When designing AI products, context management should be considered a core design consideration rather than a technical detail. Products should consider:

  • • How long will our scenario produce a conversation or document?
  • • What information do users expect AI to remember?
  • • How does the accuracy vs. responsiveness tradeoff affect our product?

The choice between full-context and RAG is not black and white. The full-context approach may provide slightly higher accuracy, but at the expense of significantly increased latency and cost. For most products, some form of RAG is a practical choice, especially when the product needs to be deployed at scale or support long-term interactions. However, the specific implementation strategy needs to be customized according to the unique needs of the product, and it will also significantly increase development costs.
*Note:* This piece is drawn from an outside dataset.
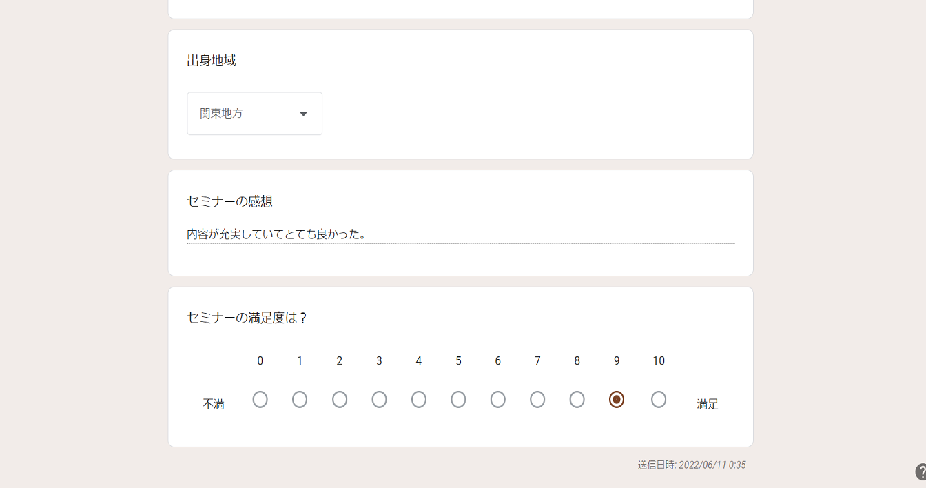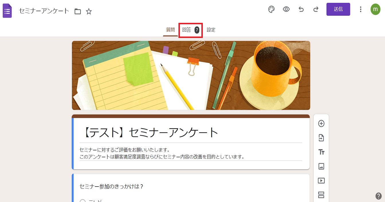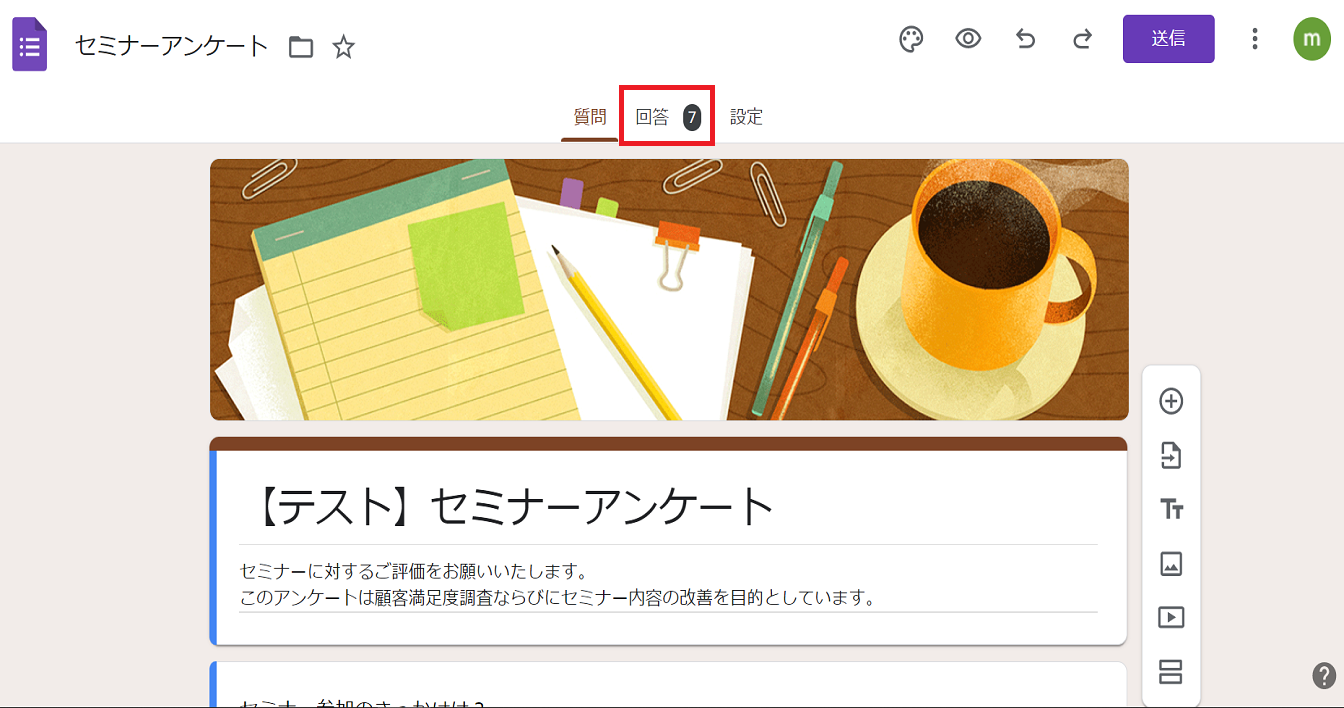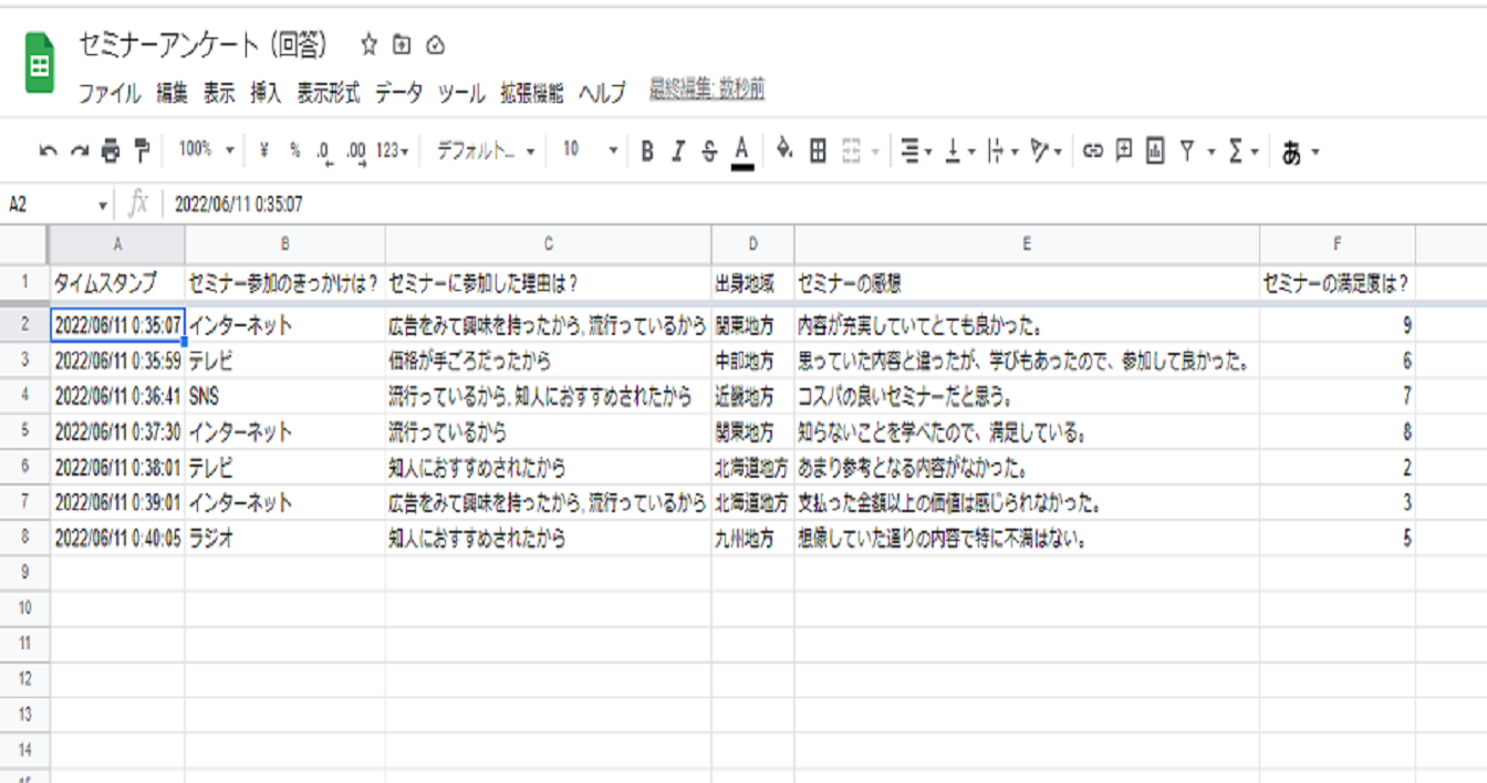 今回は例としてセミナーアンケートというフォームの回答結果の確認をおこないます。

As technology develops rapidly, product strategies need to be flexible. New research and models are constantly being introduced, such as the GPT-4.1 series recently released by OpenAI, which has significant improvements in long context processing. Today's best practices may soon become outdated, so it is also crucial to establish a continuous monitoring mechanism for product performance and keep an eye on the latest research.

Ultimately, I believe that only by better understanding and balancing user needs and technical limitations can we build smarter, more natural, and more reliable product experiences.

As AI technology continues to advance rapidly, we can expect context management strategies to evolve as well, but no matter how the technology changes, user-centered design thinking and a deep understanding of the technology’s limitations will always be the cornerstones of building AI products.